MDC and Goldman Sachs made the announcement at a press conference and luncheon Tuesday at the Freedom Tower attended by a roomful of local and national government, community and business leaders, including the mayors of Miami and Miami-Dade, the president of the U.S. Hispanic Chamber and a former U.S. Secretary of Education.
Goldman Sachs’ 10,000 Small Businesses is a $500 million investment launched in 2010 to provide entrepreneurs with a practical business education as well as access to capital and business support services, all free to program participants. The program is already operating in 15 other locations, including Chicago, Houston, Los Angeles, New Orleans, New York and Philadelphia. MDC will receive the five-year grant from Goldman Sachs to run and support this program, which will be offered through its School of Business in collaboration with the School of Continuing Education and Professional Development.
“We are celebrating a wonderful victory for our community,” said MDC President Eduardo J. Padrón. “We have a great tradition of making education accessible to our students. We look forward to making this program accessible to small businesses that ordinarily would not have access to this level of services.”
Those services are already bringing results in other parts of the country. Within six months of completing the program, about 63 percent of 10,000 Small Businesses participants reported an increase in revenues, 47 percent reported creating net new jobs, and 75 percent did business with one another. The program has a 99 percent completion rate, said Dina Habib Powell, president of the Goldman Sachs Foundation. “This is a long-term investment. This really is a commitment of partners. We understand the path to job creation is through our young small businesses,” Powell said.
Teresa Lawrence, owner of Delta Personnel, a staffing company in New Orleans, is a 2012 graduate of the program in Louisiana.
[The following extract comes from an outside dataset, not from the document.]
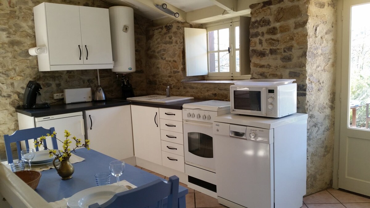 La casa rural linda con nuestra casa y está situada en un entorno verde a los pies de la Montagne Noire, a las afueras de un bonito pueblo cátaro. Además de un gran jardín, dispone de una plaza de aparcamiento vigilada. Esta casa rural de 35m2 consta de salón, cocina, cuarto de ducha y dormitorio. El apartamento tiene su propia entrada que da a una terraza cubierta con muebles de jardín y barbacoa. La casa rural se mantiene fresca en verano gracias a la vegetación.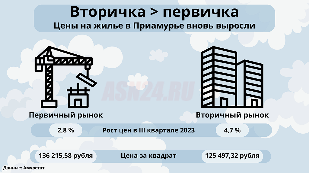 Цены на жилье на первичном рынке в третьем квартале 2023 года выросли на 2,8 %, а на вторичном — на 4,7%. Такими цифрами роста стоимости жилья в Амурской области по сравнению с предыдущим кварталом этого года вчера, 31 октября, поделились в Амурстате.

The Cuban-American who came through the Freedom Tower said she has doubled her sales, from $2.3 million last year to an expected $5 million in annual revenue this year. She also said she benefits from the growing alumni network — 1,600 small businesses nationwide that have already graduated from the program.
Small business owners selected for the program will develop a business growth plan, said John Hall, the program’s executive director. Over the course of four months, the program will administer 100 hours of practical business class instruction, a curriculum developed by Babson College. It will also supply advisors and a network to surround and help them, said Hall, who has headed five businesses, founded three, worked in executive positions in several industries and consulted small businesses. Noting that there is already a number of resources for startups, the program can play a critical role in the entrepreneurial ecosystem here by helping companies that are already up and running but need help with growth strategy.
“Look for a very well-crafted program,” said Hall. “This is the 16th location — Miami has the benefit of those other 15.”
Hall said the program typically accepts small businesses operating at least two years, with at least four employees and annual revenues between $150,000 and $4 million. The small businesses can be in any industry, but the business must be ready to grow — that’s the program’s focus, said Hall. The program doesn’t end with the classes, Hall said. “We will follow and help the companies for years, ... We want the alumni to stay connected and give back” through mentoring, Hall said.
The mentors will come from the local business community, Miami Dade College’s network and Goldman Sachs, which already has a waiting list of professionals who want to participate, said Powell. Goldman Sachs opened its Miami office in 1978 and its West Palm Beach office in 2007.
The program will begin in February 2014. Applications are now being accepted, and can be downloaded at www.mdc.edu/10ksb.
MDC will serve about 80 small business owners in the first year, and about 120 in year two, with plans for continued growth, Hall said.
“If you are a small business owner, you would be crazy not to apply to this program,” said Javier Palomarez, CEO of the U.S. Hispanic Chamber. “This is the beginning of something phenomenal for this community.”